By Stacey D’Erasmo; reviewed by Jeannette Hartman
Suzanne Flaherty, 49, is shocked when her husband Alan tells her that he’s going to be indicted for fraud within the week.
She claims the last time they talked about his work he’d said he was in currencies and exchange rates. “It’s just math. How can you be in trouble for math?” he’d told her.
Now, he insists that she knew it had gone past that; he reminds her of the “kerfluffle” with SEC that didn’t stick, the trades he’d faked for a client and how he’d told her it was so easy even she could have done it on a computer.
“How should I know? I don’t know anything about money,” Suzanne insists. “The numbers, or whatever you were doing — we’re not like that. I’m not like that. . . you’re saying I was some sort of accomplice. But that’s ridiculous.”
Alan is convicted for his Bernie Madoff-like crimes and sent to prison. Suzanne continues to insist it had nothing to do with her as her world collapses. The fancy house is sold. Jane moves to a small coastal town, sells her fancy car for a knocked about second-hand one and tries to make a living.

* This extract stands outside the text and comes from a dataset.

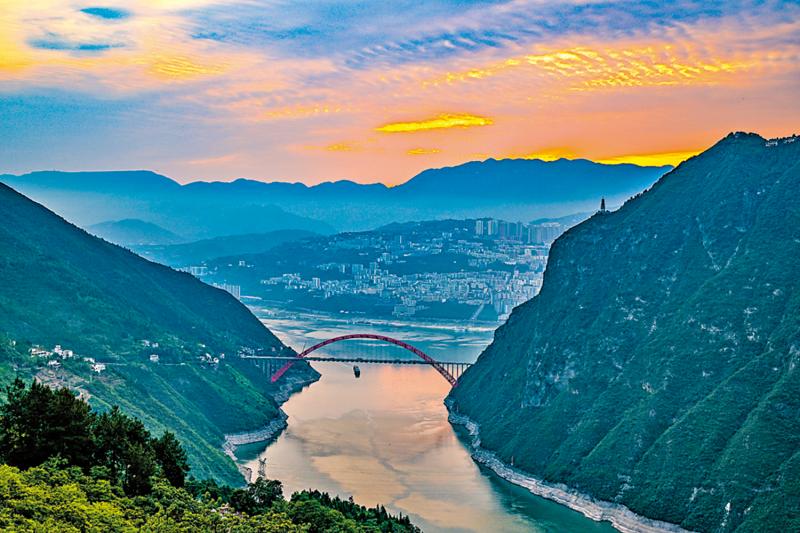登上巴东县城的大面山顶,可以俯瞰美丽雄奇的巫峡口,只见那两岸青山连绵起伏,间或高楼林立,十里长街伴江逶迤,凤凰涅槃的新城一派祥和,废墟上建起的一流足球场上,一群青少年踢得正欢;横跨大江的巍峨长桥像一道勾勒峡江天空的彩虹,江面上万吨货轮稳稳行驶,画舫邮轮怡然而行。夜色来临,璀璨的人间灯火花团锦簇,分外明亮,从外地来此的朋友们纷纷惊叹,这巫峡口犹如仙境。

She is strangely unsympathetic to the victims of Alan’s crimes, even when some are neighbors or elderly people about to be forced out of nursing homes. On the one hand, she sees many of them as rich people upset about not being richer; on the other, she realizes that restitution will never repay the victims for what they have lost.

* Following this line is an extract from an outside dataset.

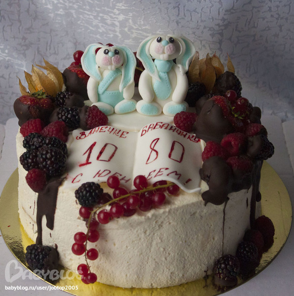 Не все любят мастику. Выравнивание - взбитые сливки, украшен свежими ягодами, шоколадом и мастичными фигурками.
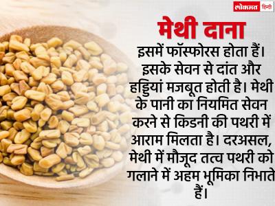 इसमें फॉस्फोरस होता हैं। इसके सेवन से दांत और हड्डियां मजबूत होती है। मेथी के पानी का नियमित सेवन करने से किडनी की पथरी में आराम मिलता है। दरअसल, मेथी में मौजूद तत्व पथरी को गलाने में अहम भूमिका निभाते हैं।

“What is restitution? A numerical impossibility. An ideal. A failure already, legally. What is real restitution? I don’t know. And, anyway, it wasn’t my fault. Hadn’t I already paid with everything I thought was my life?,” Suzanne asks readers.
Author Stacey D’Erasmo raises prickling questions about complicity and accountability. In the context of climate change, pollution and politics, the issues are pointed. Should we feel guilty about using plastic Keurig pods? Should we stop driving and take public transportation or go vegan?
When a whale beaches itself near where Suzanne lives, she becomes absorbed in the tragedy. She volunteers to support the trained workers trying to keep the whale alive until it can be pushed back into the ocean. When it drifts back and dies on the beach, she returns again and again to see its decaying carcass.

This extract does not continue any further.